Because of these abuses as St. Paul tells the Corinthian Church, " Many are sick, some are dead" and there is no life in us. This is the most serious illness that has befallen on the Orthodox Church and we see the result in our present day church life. Allow the Holy Spirit to work in us, warm us, and wake us up. Do as the Ninevites did in olden times. Then we will shine as lamps lit by the Light that lightens the whole universe.

The priest as the leader of the community of the faithful helps to bring about reconciliation with our brethren while private prayer may bring reconciliation with God.
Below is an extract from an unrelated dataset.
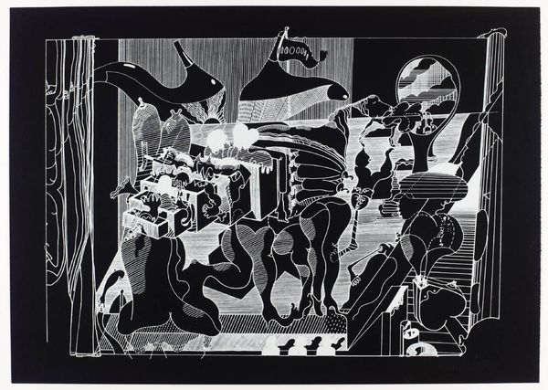 Robert Peak made this image "The Movies" with what looks like a collage of gouache and pencil. The composition is wild, a cascade of figures tumbling over each other! The texture here is smooth; Peak's blended his colors, especially in the central female figure, so that you can barely see the brushwork. But then there are the pencil lines that jump forward, defining the different elements. Look at the hand in the foreground, laden with rings. There's a tension there between the flat shapes and the illusion of depth, between the fine lines and the blurred edges. I like to think about Picasso and the way he played with the surface of the canvas. Peak reminds me a little bit of David Hockney; both were masterful draughtsman, and both had a flair for capturing the look and feel of their times. In art, there are no final answers, only ongoing dialogues!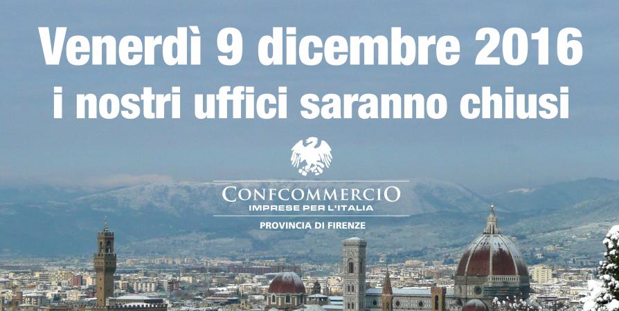 Informiamo che, in occasione della festività dell'8 dicembre, il giorno venerdì 9 dicembre 2016 gli uffici di Confcommercio Firenze, società ed enti collegati rimarranno chiusi per l'intera giornata.

Whatever way we get inner cleanliness (purity of heart) it must be followed up by receiving the Holy Communion "for the remission of debts and the forgiveness of sins"

Listen next time you attend the Holy Qurbana, and listen how many times the priest uses this formula. Since this is the Sacrament by which our sins are forgiven and are washed in the precious blood of the Lamb.

The beauty of the sacramental confession is expressed in a Russian prayer of absolution It portrays the role of the priest as that of a witness rather than that of a judge.

"Behold, my child, Christ stands here invisibly and receives your confession. Therefore do not be ashamed or be afraid, and hide nothing from me; but tell me without hesitation all the things you have done and so you will have pardon from our Lord Jesus Christ. See his holy image is before us, and I am only a witness, bearing testimony before him of all the things you have to say to me. But if you hide anything from me, you will have greater sin. Take care then, lest having come to a physician, you depart unhealed."